The international, multicenter, double blind RELAX-AHF trial of 1,161 patients with acute HF indicated that treatment with serelaxin significantly improved dyspnea and reduced risk for all-cause and CV-related mortality at 180 days. The results from this retrospective study suggest that those observed in RELAX-AHF may not necessarily apply to the wider acute HF population, researchers wrote.

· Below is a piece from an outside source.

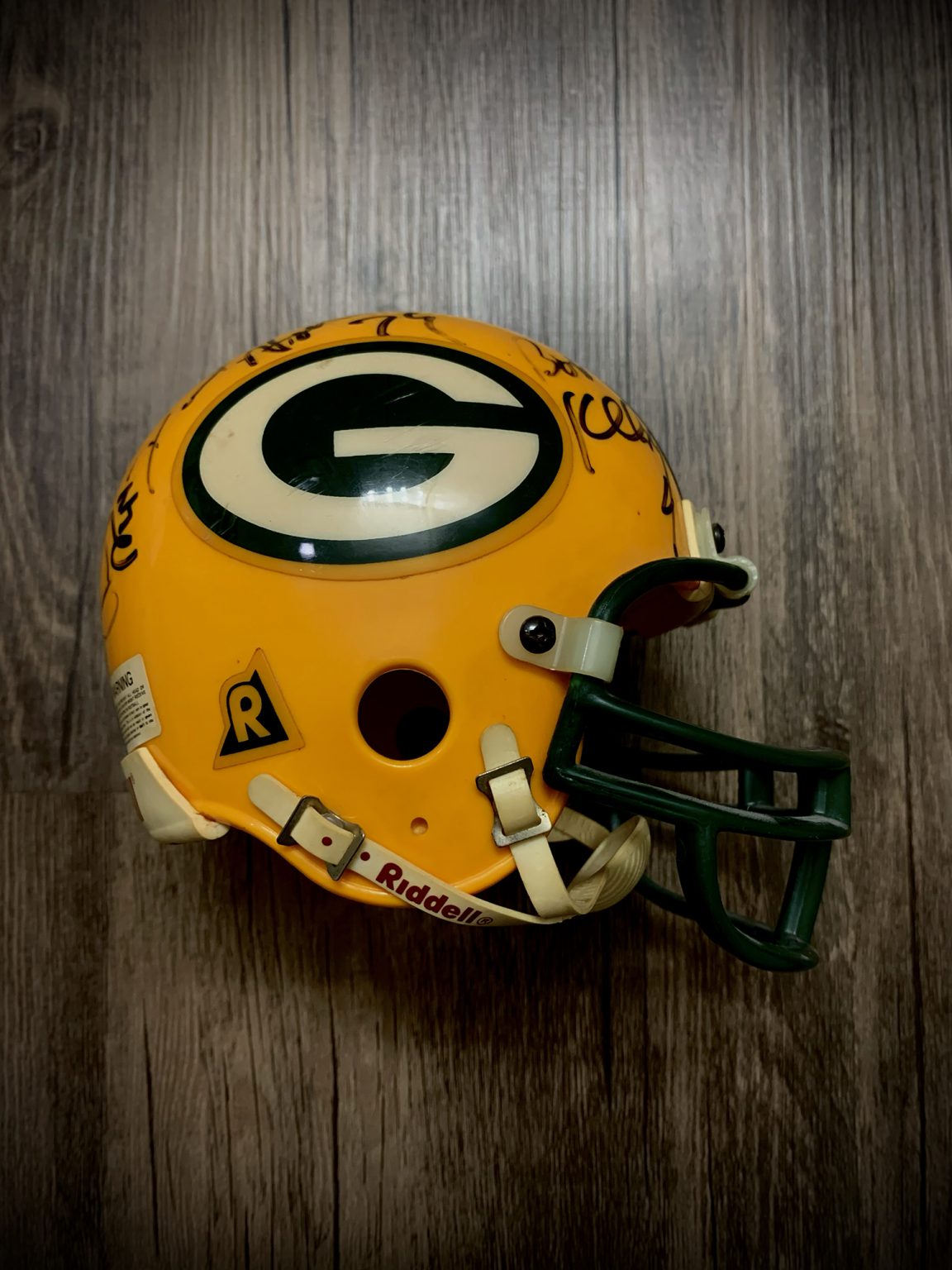 This is a piece that I was gifted by a friend who was not a Packers fan. I am unaware of the origin of the helmet or the autographs on the helmet however it is still a cool piece to have for a man cave.

The study included data from 196,770 patients enrolled in the ADHERE-US (n=185,948) and ADHERE-I (n=10,822) registries. Both registries included adult inpatients with a primary or secondary diagnosis of acute decompensated HF, collected from hospitals throughout the United States for ADHERE-US and internationally for ADHERE-I.
Adult patients were considered eligible for RELAX-AHF under the following circumstances: a discharge diagnosis of acute HF, systolic BP >125 mm Hg, dyspnea at rest or upon minor exertion, use of IV diuretics, a glomerular filtration rate of 30 mL/min/1.73 m2 to 75 mL/min/1.73 m2, hemoglobin levels >8 g/dL and no use of IV vasopressors or inotropes. Outcome measures included the length of hospital stay, the number of days spent in the ICU, discharge quality-of-care measures and all-cause in-hospital mortality.

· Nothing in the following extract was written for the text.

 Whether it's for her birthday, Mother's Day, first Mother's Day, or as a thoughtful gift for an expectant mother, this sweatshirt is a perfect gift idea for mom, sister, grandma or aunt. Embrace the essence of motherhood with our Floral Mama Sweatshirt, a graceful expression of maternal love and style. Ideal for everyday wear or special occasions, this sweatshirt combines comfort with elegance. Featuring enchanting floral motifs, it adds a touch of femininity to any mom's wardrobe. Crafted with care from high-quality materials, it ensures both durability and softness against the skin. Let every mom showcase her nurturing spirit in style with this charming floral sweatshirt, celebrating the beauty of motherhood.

Among patients enrolled in the ADHERE registry, 20.7% fulfilled the eligibility criteria for RELAX-AF inclusion, whereas 16.2% of ADHERE-I registry patients were considered eligible. Eligible patients had a greater likelihood of advanced age, female sex, a history of hypertension, preserved ejection fraction and better kidney function than noneligible patients.
Patients in the ADHERE-I registry had a longer median hospital stay than ADHERE-US patients. Although hospital stay was similar regardless of RELAX-AHF eligibility in the US cohort (5 days in both groups), eligible patients had a longer median stay than noneligible patients in the ADHERE-I registry (7 days vs. 6 days). In both registries, RELAX-AHF-eligible patients were significantly more likely to be asymptomatic upon discharge than noneligible patients (55.2% vs. 50.8% in the United States, 66.5% vs. 59.2% internationally; P<.0001).

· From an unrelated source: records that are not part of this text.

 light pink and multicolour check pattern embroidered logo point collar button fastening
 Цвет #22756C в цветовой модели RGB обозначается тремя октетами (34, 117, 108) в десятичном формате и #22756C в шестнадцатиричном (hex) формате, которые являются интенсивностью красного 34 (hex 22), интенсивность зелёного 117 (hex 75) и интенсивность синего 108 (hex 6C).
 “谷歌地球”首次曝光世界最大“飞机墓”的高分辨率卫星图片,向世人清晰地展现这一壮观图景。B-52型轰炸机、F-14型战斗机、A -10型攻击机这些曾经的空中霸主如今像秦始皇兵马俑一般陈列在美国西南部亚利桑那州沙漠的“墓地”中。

The in-hospital mortality rate was lower among eligible patients than in noneligible patients in both registries (4.4% vs. 1.6% for ADHERE-US; 5.7% vs. 1% for ADHERE-I). The lower mortality risk among eligible patients remained statistically significant after multivariable adjustment for baseline characteristics (HR=0.59; 95% CI, 0.53-0.66).
“The RELAX-AHF-type patient represents [approximately] two in 10 patients with [acute HF] seen in the United States, Latin America or Asia-Pacific and exhibits better outcomes than their non-RELAX-AHF-type counterparts,” the researchers concluded. “This RELAX-AHF-type population is unique, and future studies or development of other therapies will be necessary for the remainder of the [acute HF] population.”
Disclosure: Three researchers report various financial ties with the Agency for Healthcare Research & Quality, Amgen, Bayer, Bristol-Myers Squibb, Corthera, Gambro, Janssen, Johnson & Johnson, Medtronic, NIH and Novartis.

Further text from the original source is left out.